INTEGRATION INITIATIVES: EARLY EXCELLENCE
- The Early Excellence Centre pilot programme provides clear and pioneering evidence of how models of integrated services for children and families might be developed across the UK over time. The high quality of provision in these Centres provides strong models of good practice in integration which were being disseminated nationally, and internationally. Early evidence on the effectiveness of this programme also indicates the cost effectiveness of this policy strategy.[48] Dr Margy Whalley, the Director of the Pen Green Research, Training and Development Centre in Corby, told the Sub-committee that, for her, improving the quality of Early Years training would be about "re-conceptualising early years education and care as being about learning in a much wider sense. It is going to be about learning for little children and it is recognising that learning begins at birth, it does not begin at three. It is about learning for the parents and staff whatever their starting point. It is not a narrow view of education, it is a very broad view of education, and it is about taking on board parents as equal and active partners in that from the very beginning".[49]
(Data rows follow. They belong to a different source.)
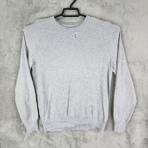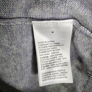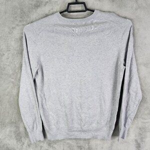 Mens Grey Buttoned Down Sweatshirt 100% Supima Cotton Long Sleeve Crew Neck M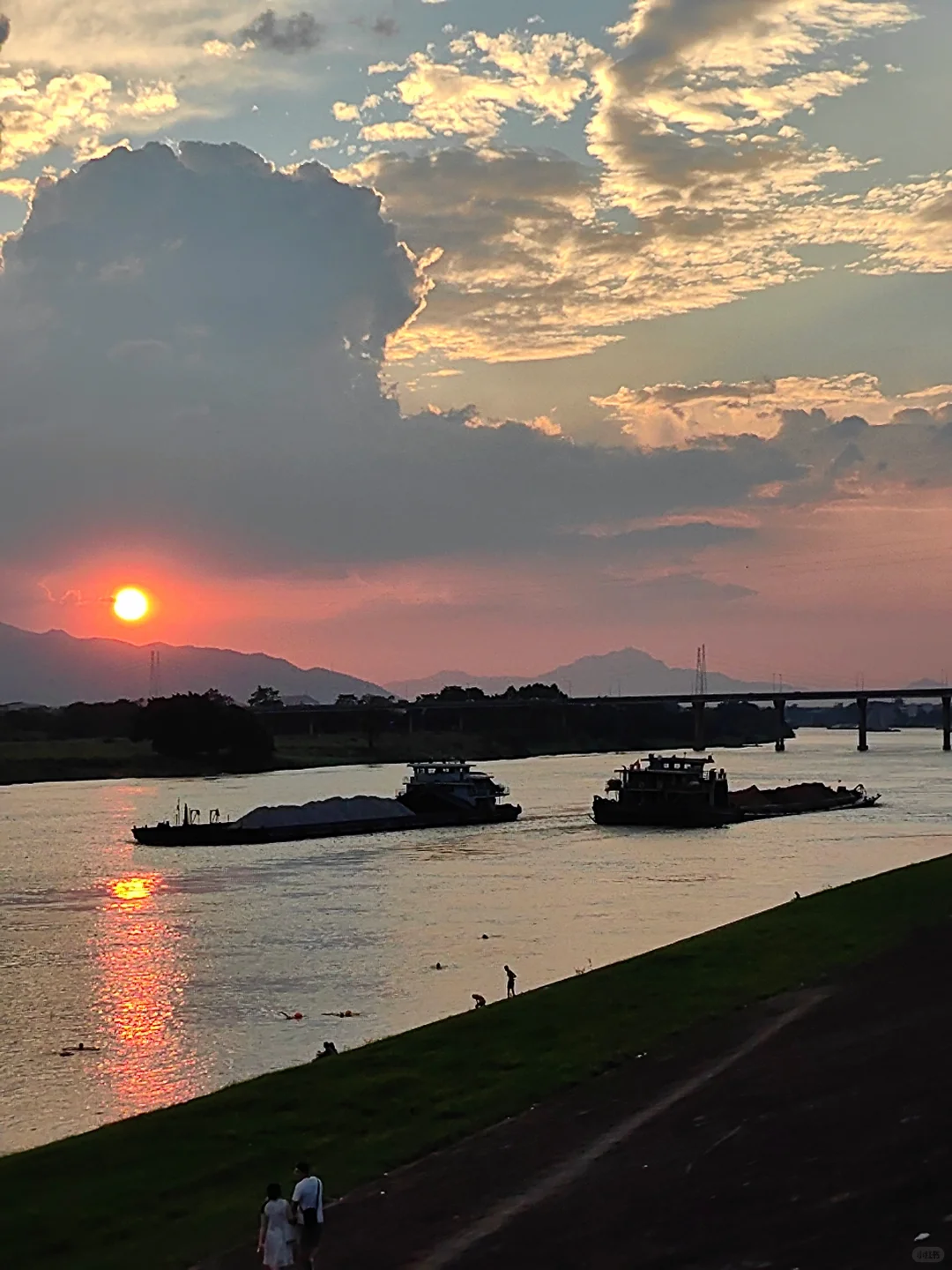 傍晚时分,出来逛江边,打卡《热辣滚烫》同款机位,看风筝、追日落、看晚霞,超出片;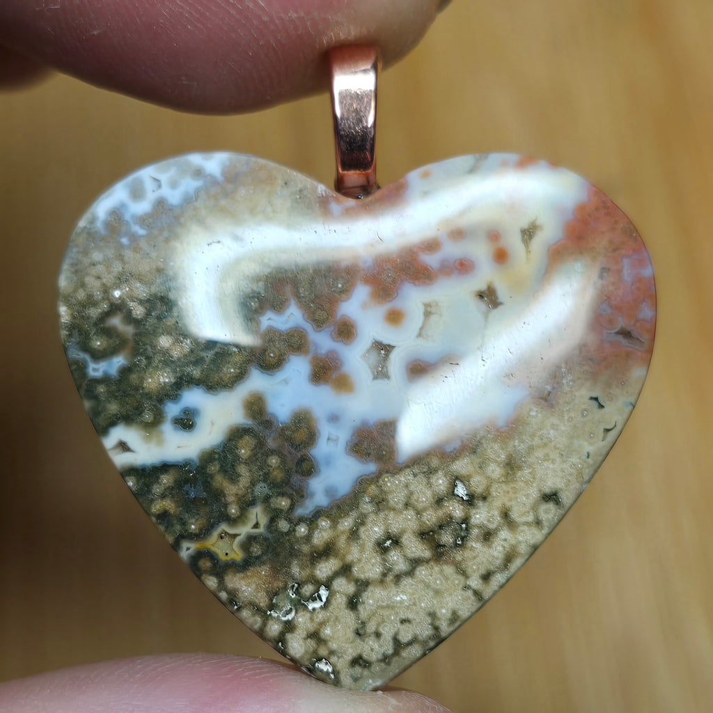 This heart-shaped river jasper carries the calm rhythm of water meeting stone. Warm sand tones flow into olive green and soft cream, with touches of russet that resemble late light over a riverbank. Each pattern is a frozen current — mineral sediments settling into layers and orbs within ancient volcanic rock, now transformed by time and silica into this dense, durable jasper.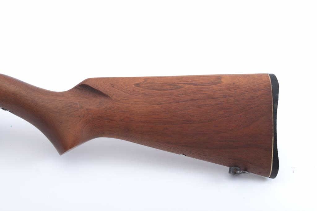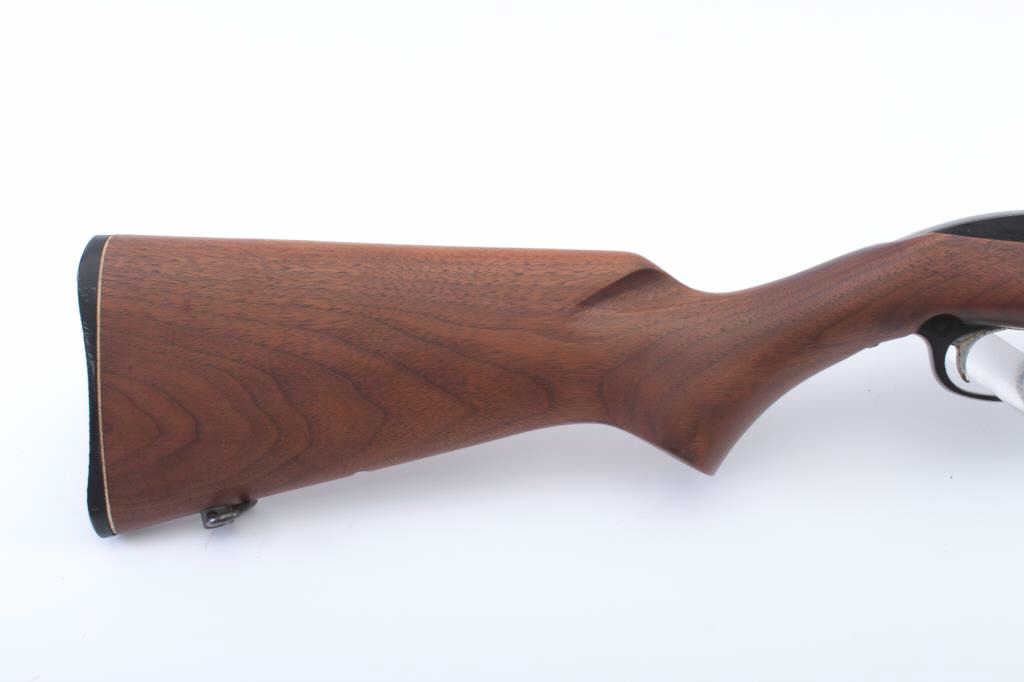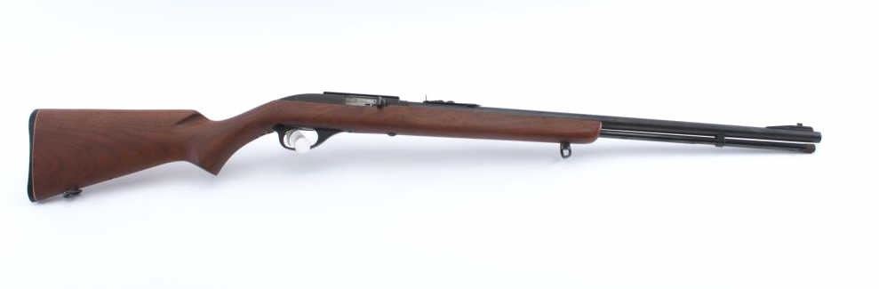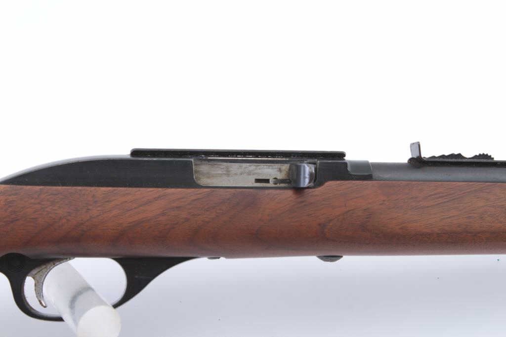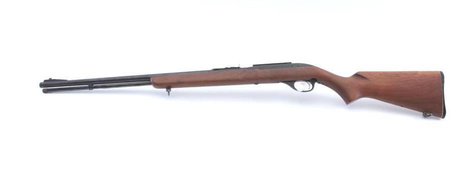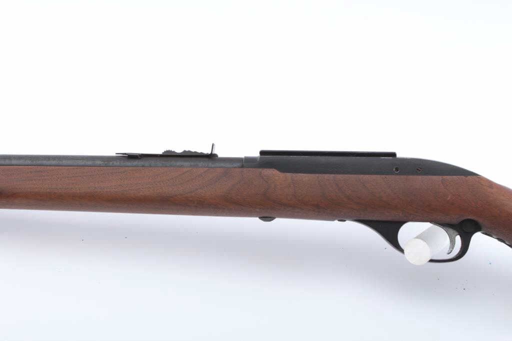 Marlin Model 99 semi-automatic rifle, .22 L.R. caliber, Serial #NSNV. The rifle is in good overall condition with a 22” barrel and full-length magazine. The barrel and receiver retain the majority of the bluefinish with light surface erosion noted. The smooth wood stock is in very good condition with small mars and marks consistent with field use. The butt stock ends with a Marlin marked plastic butt plate. The bore isfair, the action crisp and the markings are sharp. Est.: #$100-$200. (Modern).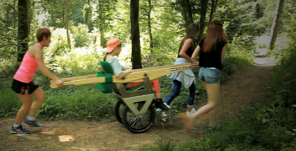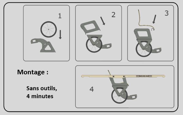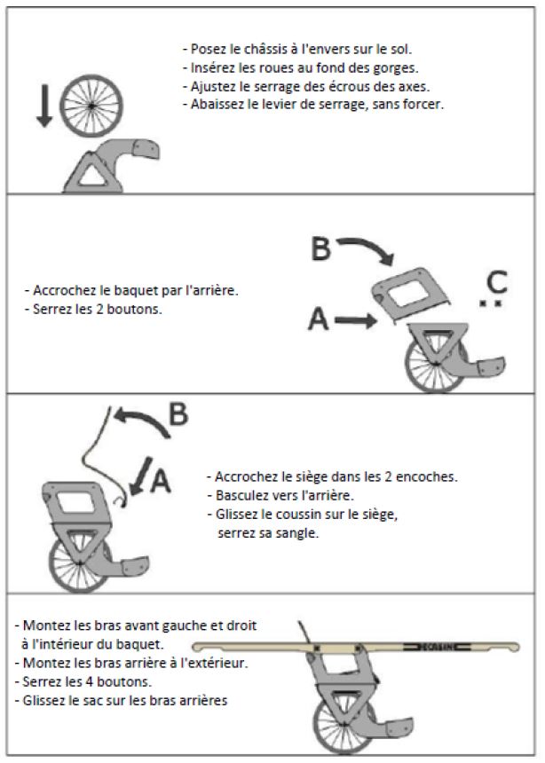 Les accompagnateurs sont responsables de l’équilibre, de la vitesse, du ralentissement progressif et de l’arrêt de la Becasine. En aucun cas la Becasine ne peut se renverser, ni le passager chuter.

- Ms Margaret Hodge, the Parliamentary Under Secretary of State for Employment and Equal Opportunities, told the Sub-committee: "We are also involved in new ways of delivering services, trying to get an integrated service across care, education and health with the Sure Start Programme and the Early Excellence Programme, and there are some interesting and very positive results coming out of that work".[50]
- Dr Gillian Pugh was an enthusiastic advocate for Early Excellence Centres which
"can provide education and care from 8.30 am to 5.30 pm all the year round for all the children .... Not only are children provided for, but there is education and support too for parents .... Through support from health authority and social services, families have access to health visitors, clinical psychologists, speech therapist and social workers. This surely must be the service of the future. But to achieve it requires a great deal of 'joined up' working between local authorities, health authorities and voluntary organisations, and additional
mainstream funding to support the crucial work with parents".[51]
- As part of the one-stop shop support offered by Early Excellence Centres, parents can take courses to increase their parenting skills, their employability and their self confidence.[52] The initial evidence from the Early Excellence Centres is that they can address a range of needs and allow parents to develop their own abilities.[53]
- The delivery of integrated early childhood services in Early Excellence Centres brings considerable benefits in the form of cost savings from reduced spending on other services: for example, research suggests that for every £1 invested on integrated services, £8 is saved on alternative services. Early intervention for children with special needs leads to greater likelihood of the child being successfully integrated for compulsory education in mainstream school, a saving of some £7,000 per child-year.[54] Ms Hodge told the Sub-committee that these findings were very much in line with American experience.[55]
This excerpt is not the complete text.